Issue #32 - The Transformer Model: State-of-the-art Neural MT
Introduction
In this post, we will discuss the Transformer model (Vaswani et al. 2017), which is a state-of-the-art model for Neural MT. The Transformer model was published by Google Brain and Google Research teams in June 2017 and has been a very popular architecture since then. It does not use either Recurrent Neural Networks (RNN) or Convolutional Neural Networks (CNN). Instead, it uses attention mechanism and feed forward layers at various levels of the network to train the whole end-to-end pipeline. What does that mean?
Training Engines
Similar to previous architectures for Neural MT, the Transformer also follows an autoregressive model based on Encoder-Decoder architecture. The Encoder consumes the input sentence and produces an encoded representation. The decoder generates the translation one token at a time using the encoded representation and the previously generated translation.What is Attention?
It gets difficult for a decoder to generate the translation by looking at the full encoded representation only once. When humans translate, they refer to the source sentence many times during the process (maybe even more than just the source sentence, see Issue #31). They also focus on different parts of the source sentence depending on the word or phrase being translated. To model such focus we have an 'attention mechanism' in Neural MT models. The attention mechanism provides additional information about which parts of the source are more relevant for the translation of the current token.
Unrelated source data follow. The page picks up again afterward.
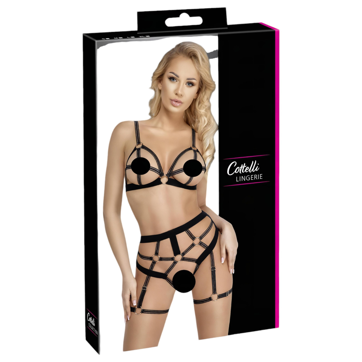 Cottelli - dwuczęściowy komplet uprzęży (czarny) - L
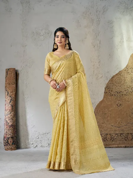 Beautiful Linen Saree in Yellow With Gold Zari Weaving and Blouse Designer
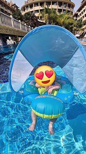 Dein Baby liebt Wasser? Dieser Schwimmring mit Sonnendach macht das Plantschen noch sicherer! Mit UPF50+ Schutz schützt das abnehmbare Dach vor der Sonne, während dein Kleines im Wasser planschen kann.

RNNs and CNNs use the respective architectures to train the encoder and decoder layers and use attention mechanism to model focus as a part of the decoder. The Transformer relies on attention mechanism to model all parts of the network. It uses attention mechanism to train encoder and decoder layers too and hence resulting in an architecture which does not need RNNs/CNNs. And for this reason, the title of the Transformer model paper is “Attention is all you need”.
Self Attention
In the Transformer model, the encoder is trained by attending to other words in the same sentence. The decoder is trained by attending to already generated words from the decoder and encodings from the source. As the model is autoregressive and depends on the previous generated words, the model takes care to not attending invalid or future positions by masking such invalid connections in the decoder. Because the words which are attended come from the same place (encoded words when training the encoder, or decoded words when training the decoder), the technique is called self-attention.Multi-Head Attention
Instead of using a single attention layer of size 512, the authors empirically found that using many small attention layers in parallel helps in training. Therefore, a base transformer model uses eight attention layers (of size 64) in parallel and concat them to form a multi-head attention layer (of size 512). It facilitates the model to focus on eight different heads of a sentence.Feed-forward Layer
To add more complexity in the model, in addition to attention layers, it also uses a position-wise fully connected feed-forward layer. Therefore, one layer in the encoder is composed of two sub-layers:- multi-head self-attention
- feed-forward layer
- masked multi-head self-attention
- multi-head attention which models focus
- feed-forward layer
How does it perform?
On English-German, the Transformer big-model achieved 28.4 BLEU and the Transformer base-model achieved 27.3 BLEU, compared to 26.36 by a CNN ensemble system, 25.16 by a CNN system and 24.6 by an RNN system.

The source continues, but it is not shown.